Hodges v. State

474 S.E.2d 218 | Ga. Ct. App. | 1996

Judge Harold R. Banke.

McKinley Hodges appeals his conviction and sentence on charges of robbery by force (OCGA § 16-8-40 (a) (1)) and entering an auto with intent to commit theft (OCGA § 16-8-18). Held:

1. In his first three enumerations of error, Hodges claims the State produced insufficient evidence to support his conviction for robbery by force. We apply the standard set forth in Jackson v. Virginia, 443 U. S. 307, 319 (99 SC 2781, 61 LE2d 560) (1979) and view the evidence with all reasonable inferences made, and all issues of weight and credibility resolved, in favor of the verdict. Patterson v. State, 181 Ga. App. 68, 69 (2) (351 SE2d 503) (1986).

Hodges and other men and women were gathered for a party at his apartment. Hodges called and ordered pizza delivery. When the pizza arrived, Hodges and several others were standing in a group in front of the apartment. Hodges’ uncle grabbed the delivery man and hit him while Hodges’ brother and another young man took money *382and the pizza from the victim’s car. As the victim was running away, Hodges drove off in the victim’s car. Hodges’ argument that he did not participate in a robbery by force because the victim had “abandoned” his car is completely without merit. See Maddox v. State, 174 Ga. App. 728 (1) (330 SE2d 911) (1985) (defendant took items after frightening away victim). Based on Hodges’ actions before, during, and after this incident, the jury was entitled to find him a party to the crime. Hull v. State, 265 Ga. 757, 758-759 (1) (462 SE2d 596) (1995).

2. In his fourth, fifth, and sixth enumerations of error, Hodges similarly contends the State did not prove beyond a reasonable doubt that he was a party to the crime of entering an auto.

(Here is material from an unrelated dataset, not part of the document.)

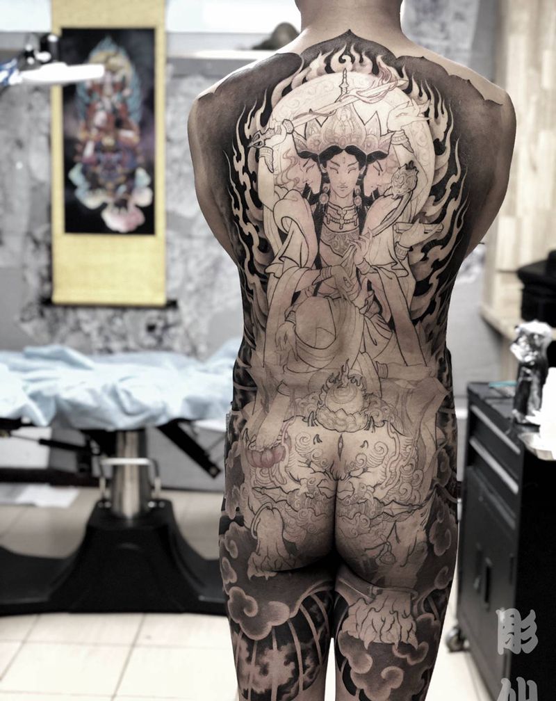 《文殊菩萨》纹身图片_背部新传统纹身图案

See Patterson, supra. After Hodges drove off in the victim’s car, police found it parked in the neighborhood but left it there. An eyewitness, who had reported the car to police, later saw a man enter the car and remove something. That man walked to the corner and handed a “box-type” item to the driver of another vehicle, got in the vehicle, and drove away. She reported the incident to police, who within minutes stopped Hodges and his uncle in a car matching her description. Hodges was driving, and under his uncle’s passenger seat police found the victim’s car stereo, which he testified had been removed from his car. This evidence allowed the jury to infer that Hodges was a party to this crime and sufficiently supports the conviction. Hull, supra.

3. Hodges’ contention that the court committed reversible error by failing to give an unrequested charge on circumstantial evidence has no merit. Eyewitness testimony provided direct evidence that Hodges committed acts making him a party to each of the charged crimes. Yarn v. State, 265 Ga. 787, 791 (2) (462 SE2d 359) (1995). Because the State’s case was not based entirely on circumstantial evidence, the failure to give this unrequested charge is not error. Stubbs v. State, 265 Ga. 883, 884 (1) (463 SE2d 686) (1995).

4. Finally, Hodges claims the trial court erred by allowing a rebuttal witness to testify even though her name was not on the list of witnesses the State supplied to the defense. Because this case was indicted before January 1, 1995, former OCGA § 17-7-110 applies. “The exclusion of testimony from a witness whose name has not been provided to the defense by the State pursuant to OCGA § 17-7-110 does not apply to rebuttal witnesses. [Cit.]” Leatherwood v. State, 212 Ga. App. 342, 343-344 (3) (441 SE2d 813) (1994). To the extent this witness’s testimony constituted an integral part of the State’s case and not mere rebuttal, we note that defense counsel admitted his knowledge of this witness through her testimony in the separate trial of Hodges’ co-defendant. Furthermore, defense counsel made no motion for continuance and no effort to interview the witness. Under *383these circumstances, we find no error. Bleckley v. State, 214 Ga. App. 860, 861 (3) (449 SE2d 351) (1994).

Decided July 10, 1996 Reconsideration dismissed July 31, 1996. James W. Smith, for appellant. Harry N. Gordon, District Attorney, James D. Love, Assistant District Attorney, for appellee.

Judgment affirmed.

Birdsong, P. J., and Blackburn, J., concur.